*DATA EXTRACT:*
=== Begin Enclosure ===
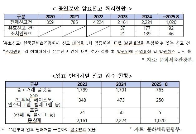 국회 문화체육관광위원회 박수현 의원(더불어민주당/충남 공주·부여·청양)이 문화체육관광부로부터 제출받은 ‘공연 분야 암표신고 현황(2020년~2025년 8월)’자료에 따르면, 2020년 359건에 불과하던 신고 건수는 2022년 4,224건으로 10배 이상 폭증했다. 2023년과 2024년에는 각각 2,161건, 2,224건으로 코로나 시기 대비 급증세를 이어갔다. 올해는 8월까지 접수된 전체 신고 건수가 1,020건에 달했다.
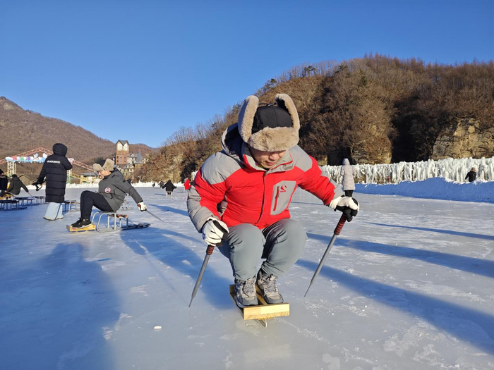 蹲上冰车、保持平衡、双钎撑地、滑行出发……几块木板和一个冰刀就组成了辽阳人的快乐时光。
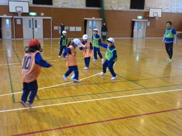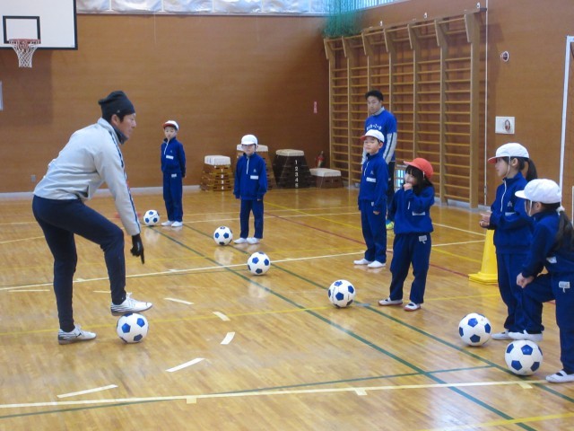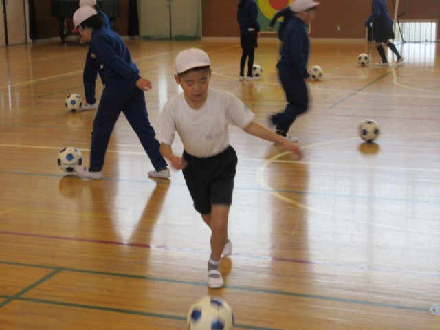 スポーツクラブSTARTLINの方々にご協力いただき、キッズプログラムサッカー教室を行いました。低・中・高学年それぞれに分かれて、コーチにボールの扱い方、ドリブル、シュートの仕方など教わりながら、楽しく学習を進めました。ミニゲームでは、担任の先生、2人のコーチも混ざってみんなで本気になってミニゲームを楽しみました。
=== End Enclosure ===
*ACTIVITY:*
No pictures belong in the answer, only the lines from the top of the listing through the line containing "蹲上冰车、保持平衡、双钎撑地", repeated word for word.

*REPLY:*
 국회 문화체육관광위원회 박수현 의원(더불어민주당/충남 공주·부여·청양)이 문화체육관광부로부터 제출받은 ‘공연 분야 암표신고 현황(2020년~2025년 8월)’자료에 따르면, 2020년 359건에 불과하던 신고 건수는 2022년 4,224건으로 10배 이상 폭증했다. 2023년과 2024년에는 각각 2,161건, 2,224건으로 코로나 시기 대비 급증세를 이어갔다. 올해는 8월까지 접수된 전체 신고 건수가 1,020건에 달했다.
 蹲上冰车、保持平衡、双钎撑地、滑行出发……几块木板和一个冰刀就组成了辽阳人的快乐时光。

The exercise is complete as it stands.